Слова сулят негаданные встречи,
И шепчет страсть про старость, и пчела
Печали жалит согнутые плечи,
Из чрева дней сосет мое вчера.

Перетасуй провидческие звуки:
Русалки промелькнут на дне разлуки
И ласку ловко превратят в скалу…

Но не спеши волхву воздать хвалу.
Все это блажь. И шутовские муки.
Клочки стихотворенья на полу.

Я не люблю формализма ради формализма. Очень часто под новым словом в поэзии критики и читатели понимают совершенно разные вещи. Ведь может случиться так, что за новой формой поэтическое осмысление мира будет так же слабо угадываться, как мясо под разнообразием приправ на столе французских королей. К счастью, это не о Ковальджи.

Субъективное мнение

Интересное стихотворение — еще один вариант Молитвы. Не правда ли, сразу вспоминается «Молитва» (Пока Земля еще вертится…) Булата Окуджавы, «Дай бог» Е. Евтушенко (песня, известная нам в исполнении Александра Малинина) и «Судьба, прошу, не пожалей добра» Кайсына Кулиева в переводе Н. Гребнева (один из лучших шлягеров Аллы Пугачевой)? Но есть одно очень существенное отличие — в упомянутых текстах звучит «Дай!», а у К. Ковальджи — «Спаси». Такой вот штрих к портрету.

Спаси меня от нищенской любви,
от дурачка, от немощи, от хама,
от текстов деревянных, как рубли
и от молчанья черного, как яма.

Спаси от карамазовской глуши,
от слова, истолкованного криво,
от нашей перекрученной души,
не соглашающейся быть счастливой.

Спаси меня от жалости к себе,
от злобы на того, кто невменяем,
спаси родных, живущих в скорлупе
и горько дорожащих этим раем.

Спаси друзей, забившихся в тупик
детей несчастных всероссийской порчи…
Зачем он мне, разумный мой язык,
когда пристало рыкать, выть по-волчьи?

Стихи бывают вневременные, и люди тоже. Их сложно втиснуть в какую-то эпоху или отрезок времени. Такие люди живут по своим законам, и даже законы времени устанавливают для себя сами. И отсчитывают они время, как им нравится. И в любом времени они органично смотрятся - внеразмерно и вневременно.

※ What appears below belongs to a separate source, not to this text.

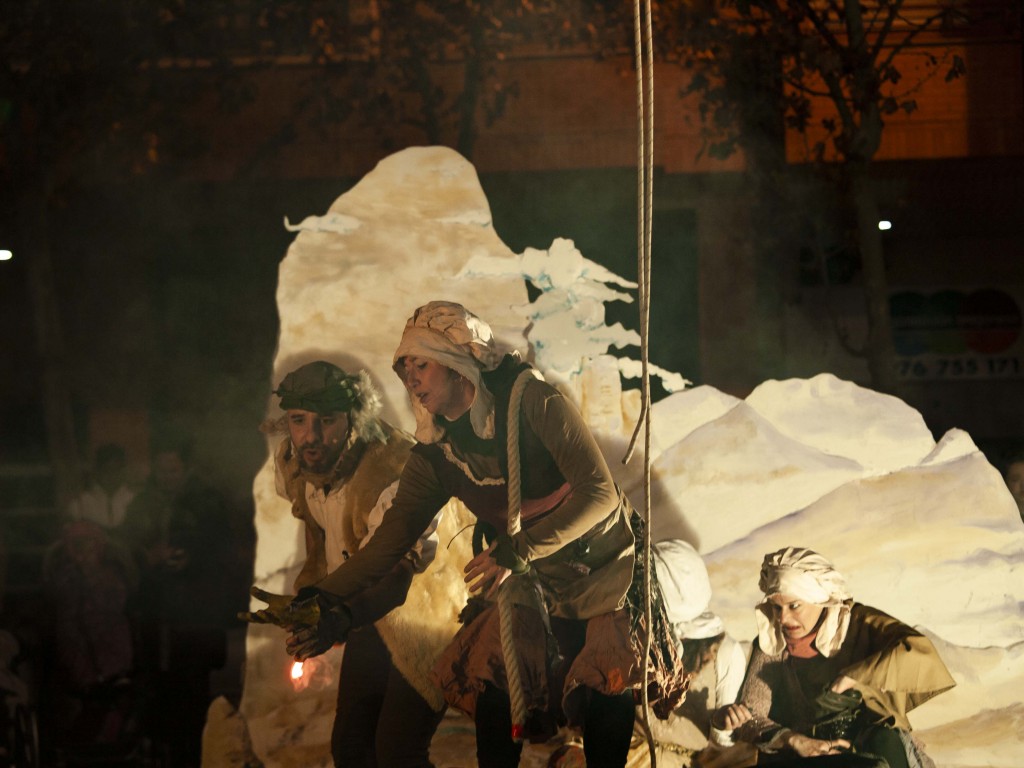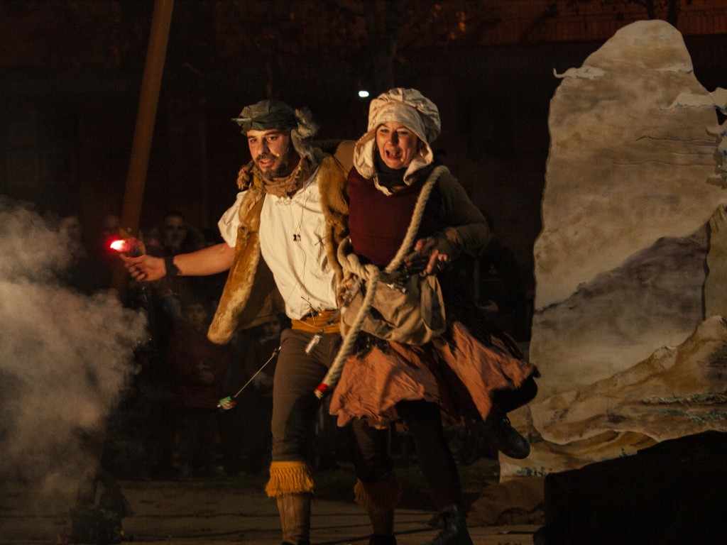 Una cantante en directo, versiones de jotas sobre las bases de becerros y guitarras flamencas. Hablan de envidias, brujas, bramaderas zumbadoras, hechizos,.. nuestro patrimonio inmaterial. Cantarán canciones mientras se suceden acciones pirotécnicas y circenses.

А бывают стихи, по размеру соответствующие эпохе. Не по масштабу, а именно по размеру поэтическому. Мне кажется, если провести такое исследование — на размер — то можно найти эти закономерности. Знаете, кто меня очень удивил своей внеразмерностью? Елена Ширман, с ее «Последними стихами». И что самое удивительное — до войны она 4 года посещала в Литинституте семинар Сельвинского. Вот эта разница меня просто потрясла. Мне казалось, что семинары каждый выбирает по своим предпочтениям, и руководитель семинара подсознательно должен учить тому, что близко ему самому. И вдруг эта плавность, текучесть белого стихотворения Ширман — этот поток сознания, пронзительный женский монолог, да еще и накануне войны, когда вокруг гремели марши и гимны.

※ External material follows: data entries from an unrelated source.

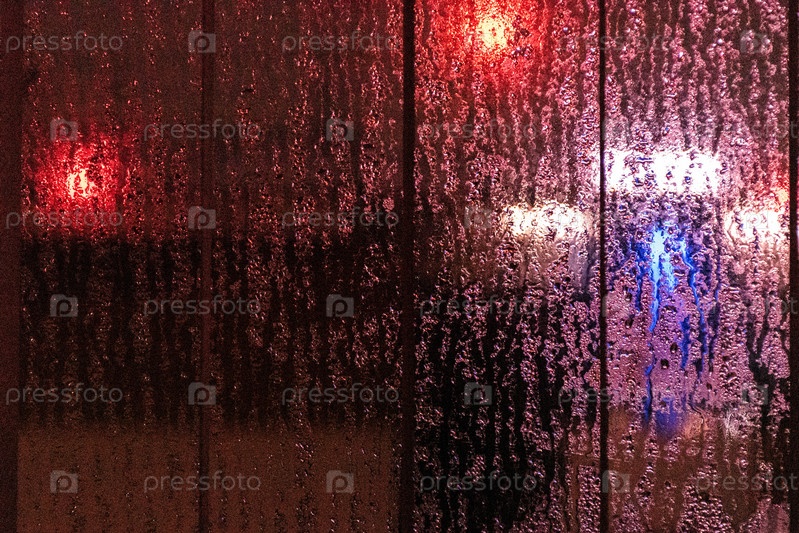 Свет сквозь капли дождя на стекле, абстрактный фон городской улицы в боке
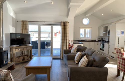 Enter through the side door into the spacious open plan living area. To the right is the large kitchen with all the appliances you need. To the left is the dining space. And in front, is the living room with 2 sofas, an arm chair, coffee table, log burner and TV/DVD.
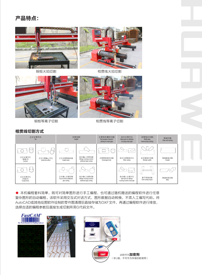 HNC-3000XG龍門式數(shù)控管板切割機是一種數(shù)字程序控制的現(xiàn)代化切割設備,除可以對各種金屬材料進行任意平面圖形切割,同時可以將圓管截斷,在圓管上切割各種形狀及相貫線的切割操作 ,它還具有自動化程度高、切割精度高、材料利用率高、生產效率高等特點。隨著機械電子技術和計算機技術的進步,數(shù)控切割機以其良好的人機對話操作界面、強大的輔助支持功能以及相對很低的設備投資,正被越來越多的企業(yè)所重視,在生產中得到越來越廣泛的應用。
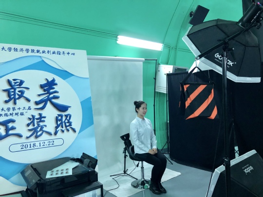 2018年12月22日,由厦门大学经济学院就业创业指导中心主办的“职场对对碰”系列之最美正装照活动顺利举行。本次活动由麻雀照相馆提供正装,进行拍摄并提供照片后期精修服务,旨在为同学们提供高质量的免费正装照,增强其求职与升学的竞争力。
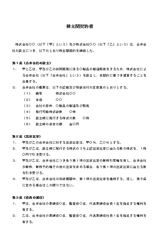 株式会社○○(以下「甲」という)及び株式会社○○(以下「乙」という)は、合弁会社の設立につき、以下のとおり株主間契約を締結した。
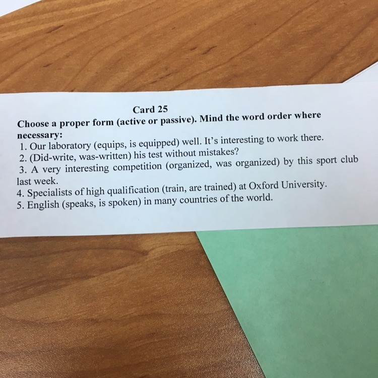 1 … is equipped well 2 Did he write his test … 3 was organized 4 are trained 5 is spoken
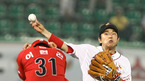 2007 삼성PAVV 프로야구 SK 와이번스와 KIA 타이거즈의 경기가 31일 문학 야구장에서 열렸다. SK의 7회말 1사 1루서 조동화 유격수 땅볼 때 1루 주자 박재상을 2루서 포스아웃시킨 KIA 2루수 손지환이 1루로 송구를 망설이고 있다./인천=김영민 기자ajyoung@osen.co.kr <2007 삼성 PAVV 프로야구>...
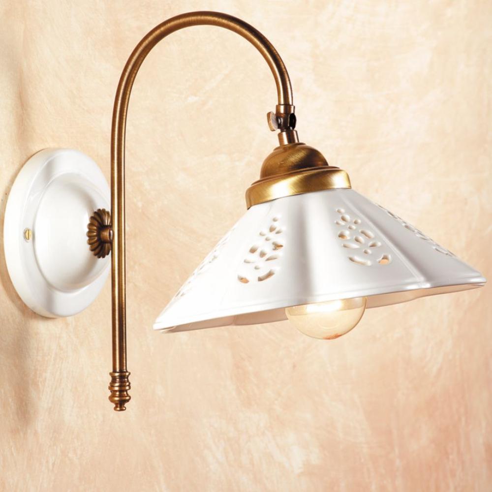 Klasický nastaviteľný kovový nástenný svietnik, s vyložením 27 cm od steny a priemerom 22 cm dierkovaný keramický tanier.

Вот и стихи Кирилла Ковальджи внеразмерны, к какому бы времени не приписывали его самого (а такое было — Василина Орлова на своем сайте предварила вышеупомянутую статью из «Литературной России» подзаголовком «Книги из прошлых лет»). Наверное, кроме всего прочего, тому виной безусловная музыкальность автора. Человек с музыкальным слухом и чувством должен выпадать из эпохи, как бы она его жестко не привязывала к определенным ритмам и рифмам.

Кстати, эта закономерность очень видна в музыке. Ведь согласных на музыкальную соразмерность времени гораздо меньше, чем на поэтическую. Человеку, лишенному слуха, можно писать стихи и музыку в любом заданном размере. Но обостренный слух ни там, ни там не даст этого сделать. Это насилие над собой, над своим мироощущением, должно быть, как мне кажется, очень болезненным. Можно заставить себя слушать речи вождей, но трудно заставить себя не слышать гармонии, если есть слух.

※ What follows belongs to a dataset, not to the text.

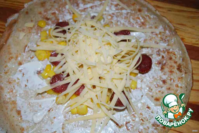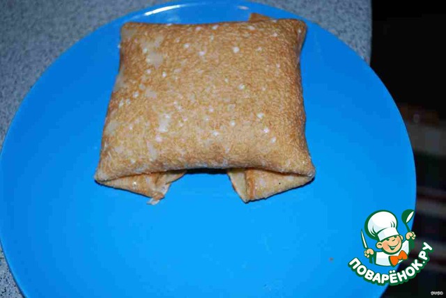 Складываем креп конвертиком и запекаем либо а микроволновке, либо в духовке. Конечно ж, е в микроволновке быстрее, а если еще и с грилем - красота.
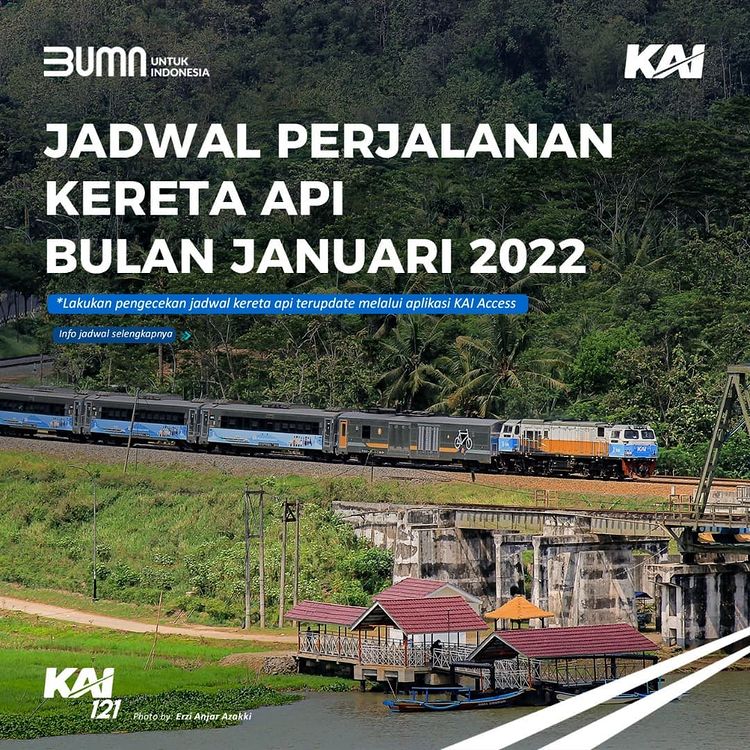 Minggu, 9 Januari 2022Sudah siap buat #NaikKeretaLagi di tahun 2022? Railmin kasih tau jadwal KA yang beroperasi di bulan Januari ini ya, #SahabatKAI. Jadwal KA yang terupdate, juga bisa kalian cek melalui aplikasi KAI Access. Railmin ingatkan lagi persyaratan naik KA ya. Sebelum naik KA, pastikan sudah divaksin minimal dosis pertama [...]

Вот покажи мне стихотворение К.К. (а я его не читала): «Кто написал?» — «А Бог знает, кто…»

Но если пять, и если все пять хороши и абсолютно непохожи одно на другое. Если в каждом своя «мелодика» и рифма часто «спрятана», но она есть, просто не сразу увидишь. Если нет угадываемых особенностей, хоть пропади, но в «атмосфере» все же что-то неуловимо знакомое, хоть и не читанное, значит… Кирилл Ковальджи?.. (Я говорю только о форме пока).

У меня появилась мысль, от противного, то есть, от его юношеского увлечения Брюсовым. Брюсов жил в ритме своей поэзии, а Ковальджи пишет стихи в ритме своей жизни. Отсюда эта неуловимость и изменчивость. То четкая рифма, то белый стих, то «спрятанные» рифмы.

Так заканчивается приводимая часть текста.